During launches, rockets often discard unneeded parts. A certain rocket starts from rest on the launch pad and accelerates upward at a steady 3.50 m/s^2. When it is 255 m above the launch pad, it discards a used fuel canister by simply disconnecting it. Once it is disconnected, the only force acting on the canister is gravity (air resistance can be ignored).
What total distance did the canister travel between its release and its crash onto the launch pad?
IT has an initial velocity, and height.
so find the initial velocity...
vf^2=2ad
Vf= sqrt(2*.350*255)
so how much higher does it go?
1/2 m v^2=mgh
solve for h additional, and then it falls h + 255m to the ground.
d=2*habove+255
To find the total distance traveled by the canister between its release and its crash onto the launch pad, we need to calculate two distances: the distance traveled while accelerating and the distance traveled while falling back down to the launch pad.
First, let's calculate the distance traveled while accelerating. We can use the kinematic equation:
s = ut + (1/2)at^2
where,
s = distance traveled while accelerating,
u = initial velocity (which is 0 in this case, as the canister starts from rest),
a = acceleration (3.50 m/s^2 in this case),
t = time.
We need to find the time it takes for the canister to reach a height above the launch pad of 255 m. We can use another kinematic equation:
v^2 = u^2 + 2as
where,
v = final velocity (which is 0 when the canister reaches its highest point),
u = initial velocity (0 m/s),
a = acceleration (3.50 m/s^2),
s = displacement (255 m).
Rearranging the equation, we get:
0 = 0^2 + 2(3.50)(-255)
0 = 0 + (-1785)
1785 = 2(3.50)s
s = 1785 / (2 * 3.50)
s = 255 m
Now that we know the canister reaches a height of 255 m, we can calculate the time it takes to reach that height using the first kinematic equation:
s = ut + (1/2)at^2
255 = 0t + (1/2)(3.50)t^2
255 = (1.75)t^2
t^2 = 255 / 1.75
t^2 = 145.71
t ≈ √145.71
t ≈ 12.07 s
Therefore, the time taken to reach a height of 255 m is approximately 12.07 seconds.

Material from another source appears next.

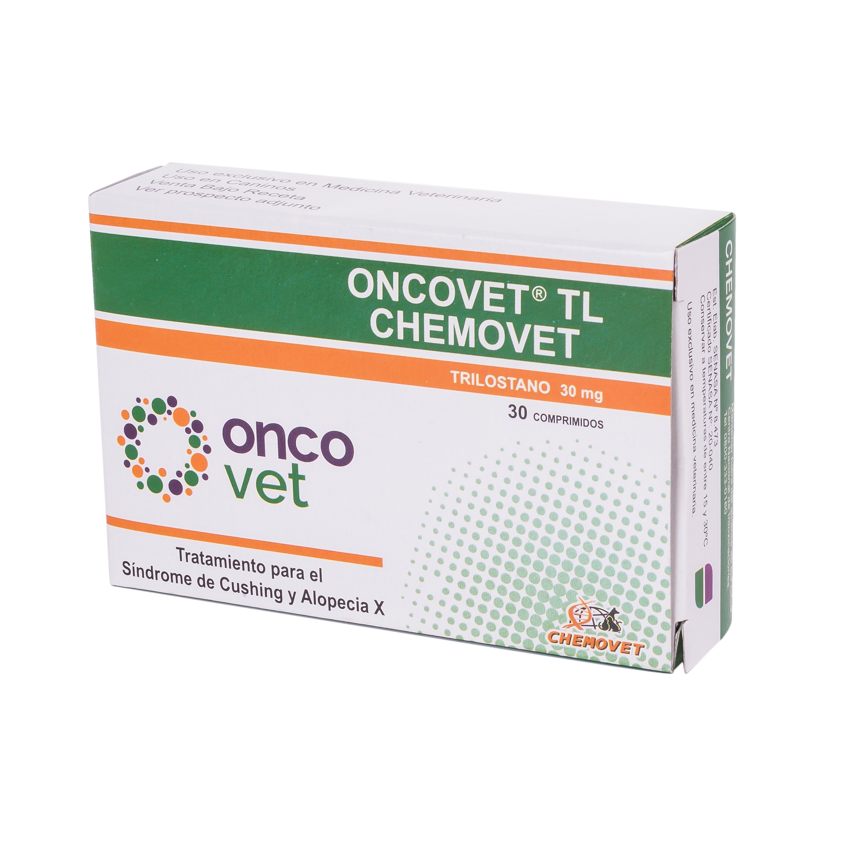 ONCOVET TL (Laboratorio CHEMOVET), es un medicamento cuyo principio activo es trilostano, aprobado para tratamiento médico de perros con hiperadrenocorticismo dependiente de la hipófisis (HDP), así como hiperadrenocorticismo dependiente de las glándulas suprarrenales (HDA).1 Se forma farmacéutica es en comprimidos ranurados, fácilmente fraccionables para administrar por vía oral, con la dosis ajustada en función de la respuesta individual del paciente, incluido el control de los signos clínicos y los resultados de las pruebas de laboratorio. El tratamiento debe reservarse para aquellos pacientes con un diagnóstico definitivo de hiperadrenocorticismo establecido mediante pruebas adecuadas y signos clínicos compatibles.

Now, let's calculate the distance traveled while falling back down to the launch pad. When the canister is in free fall, the only force acting on it is gravity, resulting in a constant acceleration of 9.8 m/s^2. The distance traveled while falling can be calculated using the kinematic equation:
s = ut + (1/2)at^2
where,
s = distance traveled while falling,
u = initial velocity (which is 0 when the canister is released),
a = acceleration (9.8 m/s^2),
t = time.
Since the canister is in free fall, we can use the same time it took for the canister to reach a height of 255 m (approximately 12.07 seconds).

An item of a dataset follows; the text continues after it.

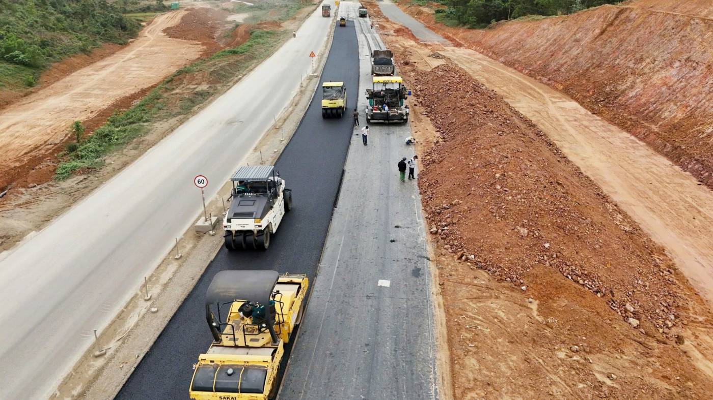 Trên công trường đang triển khai 20 mũi thi công, máy móc và nhân lực hoạt động liên tục ba ca mỗi ngày để thực hiện các hạng mục cấp phối đá dăm, bê tông nhựa, hạ tầng giao thông, hầm chui dân sinh, đường gom…hiện các nhà thầu đang tập trung vào làm mặt đường tuyến chính, nếu thời tiết thuận lợi toàn bộ mặt đường sẽ hoàn thành ngày 15/8 và thông tuyến ngày 19/8.

Plugging in the values, we get:
s = 0(12.07) + (1/2)(9.8)(12.07)^2
Simplifying,
s = (1/2)(9.8)(12.07)^2
s ≈ 712.05 m
Therefore, the distance traveled while falling back down to the launch pad is approximately 712.05 meters.
To find the total distance traveled, we simply add the distance traveled while accelerating (255 m) and the distance traveled while falling (712.05 m):
Total distance = 255 m + 712.05 m
Total distance ≈ 967.05 m
Hence, the total distance traveled by the canister between its release and its crash onto the launch pad is approximately 967.05 meters.